The strawman Mosque argument

The discussion of the proposed construction of a Mosque at Ground Zero is a testament to our time.  And once again the press and Progressives have erected a vulgar straw man in which to insult the American public; anyone who stands against the mosque is a bigot who does not understand property rights.  That makes roughly 70% of the population on the wrong side of intelligent conversation.  Really?

But the logical argument against the Mosque, voiced by many, has nothing to do with religious freedom or property rights.

Effective property rights and markets imply a constructive, open, honest and empathetic emotional and spiritual stance to others. One does not bully one's way into business, relationships, sales, or lives.  As the saying goes, "Screw me once, shame on you.  Screw me twice, shame on me." Any effective entrepreneur or employee in a free market understands the importance of good will and value in business dealings.  

Especially in free markets where trust and respect define goodwill and constructive dealings, one goes out of one's way to avoid ANY sense of impropriety. It's not only good manners, it's good business.  It is purely a sense of humble respect and decorum. 

Like any market transaction, the Imam has every right to build the mosque wherever he pleases.  Building the mosque has nothing to do with property rights.  But like any action in a society based on good will, he must be fully aware that his neighbors will remember that decision midst the atmosphere in which he made it.

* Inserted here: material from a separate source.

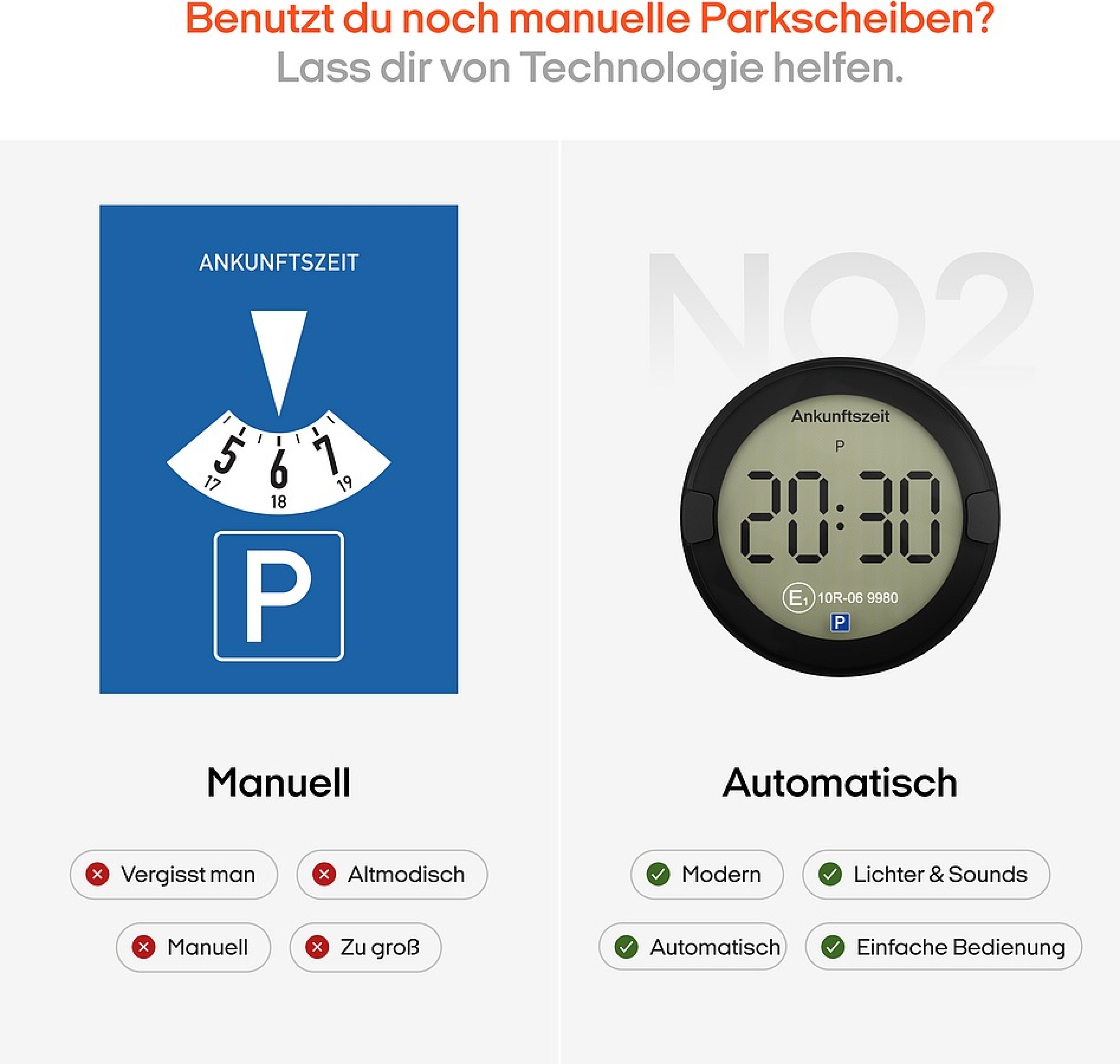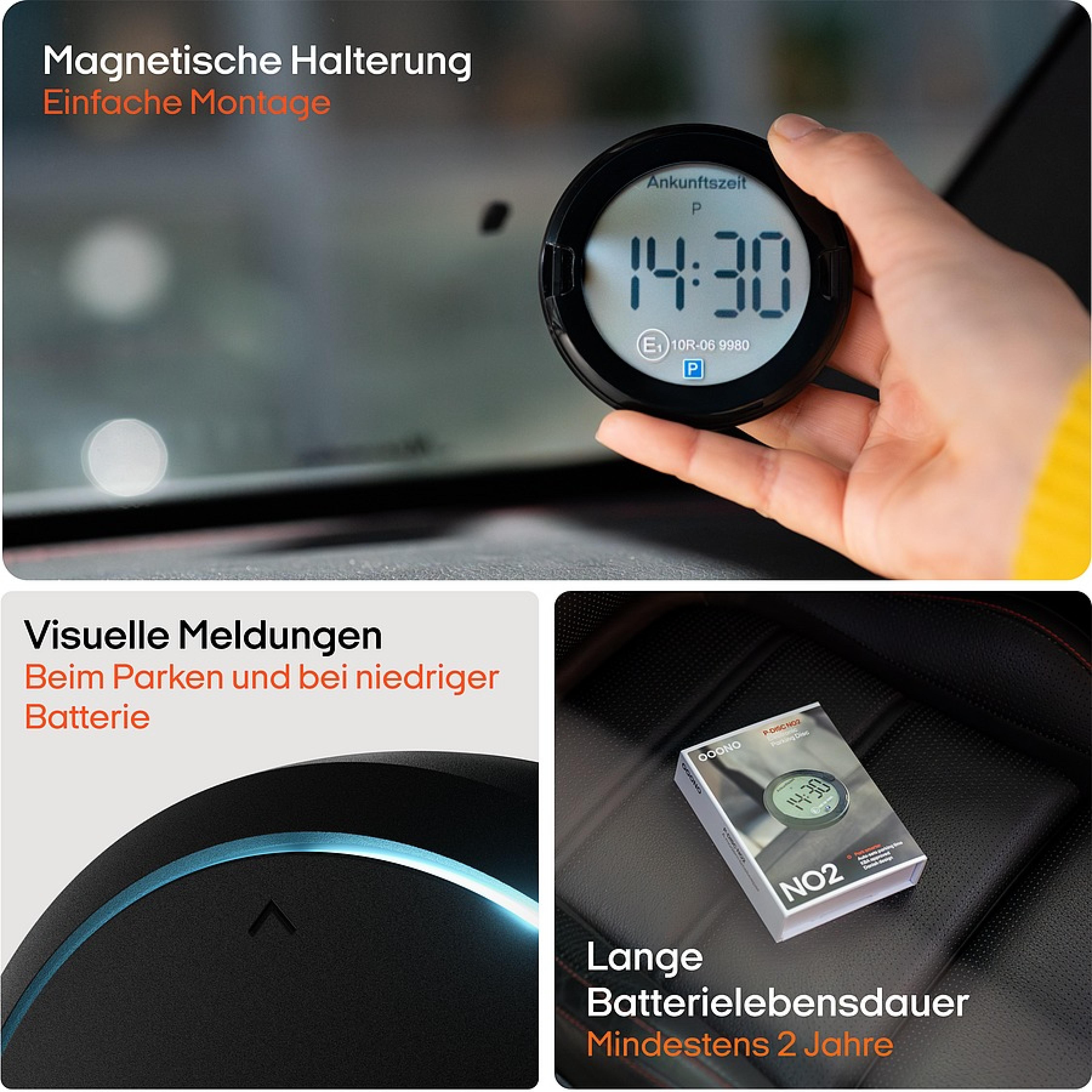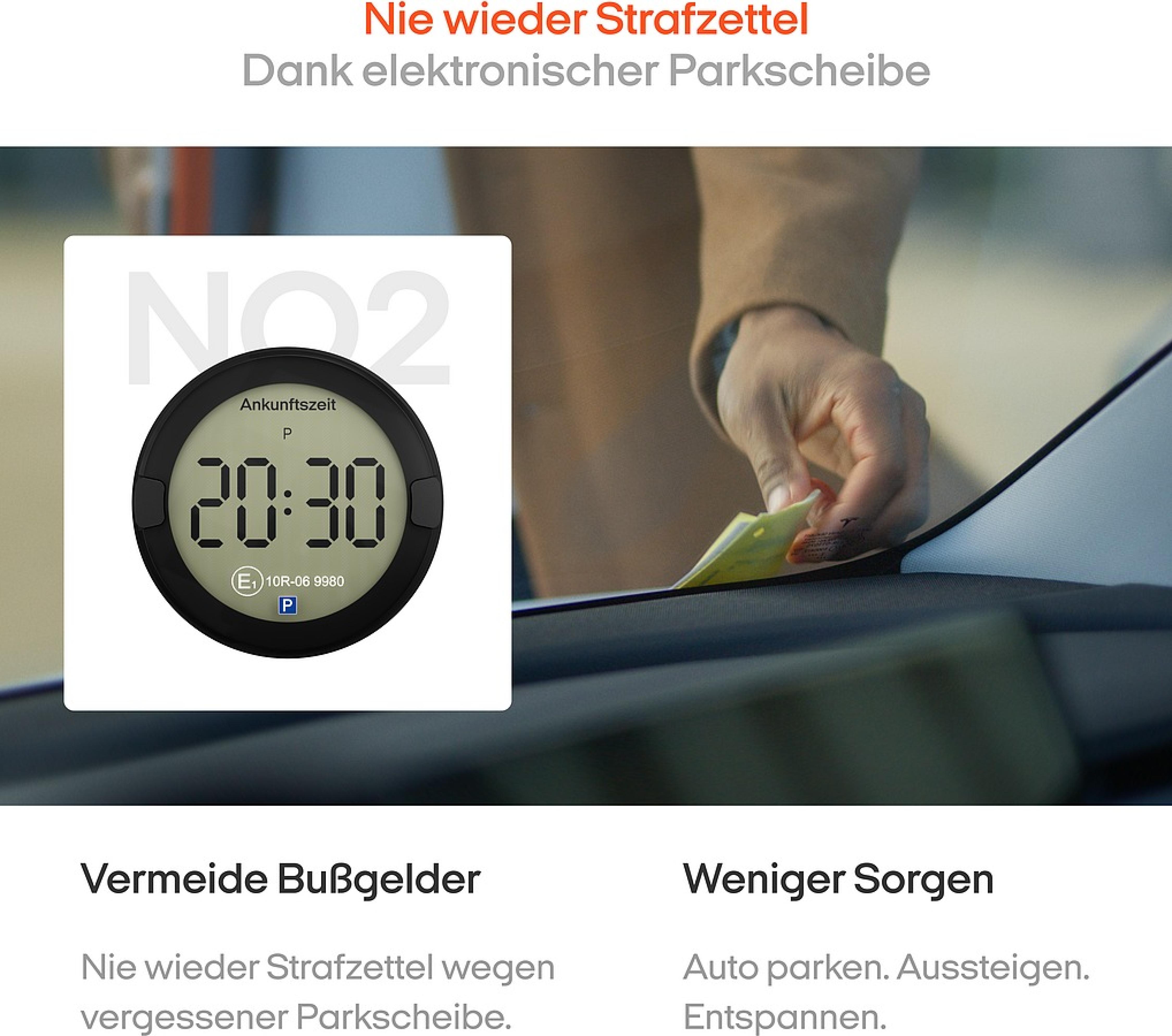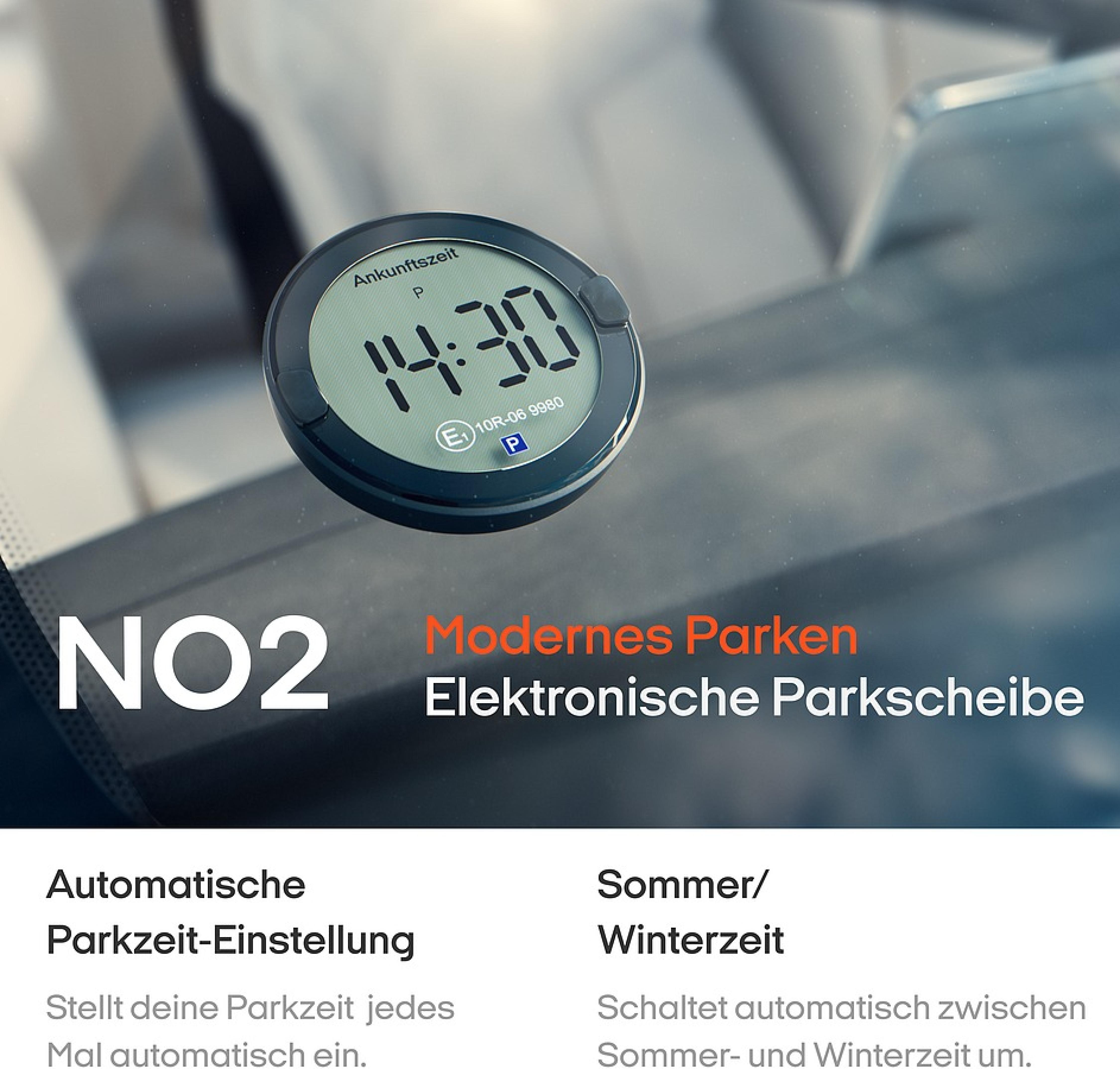 Mit der elektronischen Parkscheibe OOONO P-DISC NO2 musst du dir nie wieder Gedanken darüber machen, die Parkzeit einzustellen. Jedes Mal, wenn du dein Auto parkst, stellt sie sich automatisch ein.

Neither do objections to building the mosque have anything to do with suborning religious opinion.  There are thousands of Mosques across the nation with hundreds in New York alone.  But suggestions that 9/11 had nothing to do with Islam are willfully obtuse.  It is not that objectors to the mosque equate Islam with terrorism.  It is that no reminder, however slim, should invade the sensitivities, whatever they are, of people of goodwill and memory.  It matters not what the Imam believes, or the principle of the matter.  It is the perceptions of the neighbors that matter.

Let them build the mosque. They have every right. But it does not make it appropriate. I for one would never take the contract on the material, or agree to help build it, just as I would not help Catholic nuns build a prayer building near Auschwitz (the Pope stopped them).  Insisting on the mosque is a boorish and insensitive move.  Period.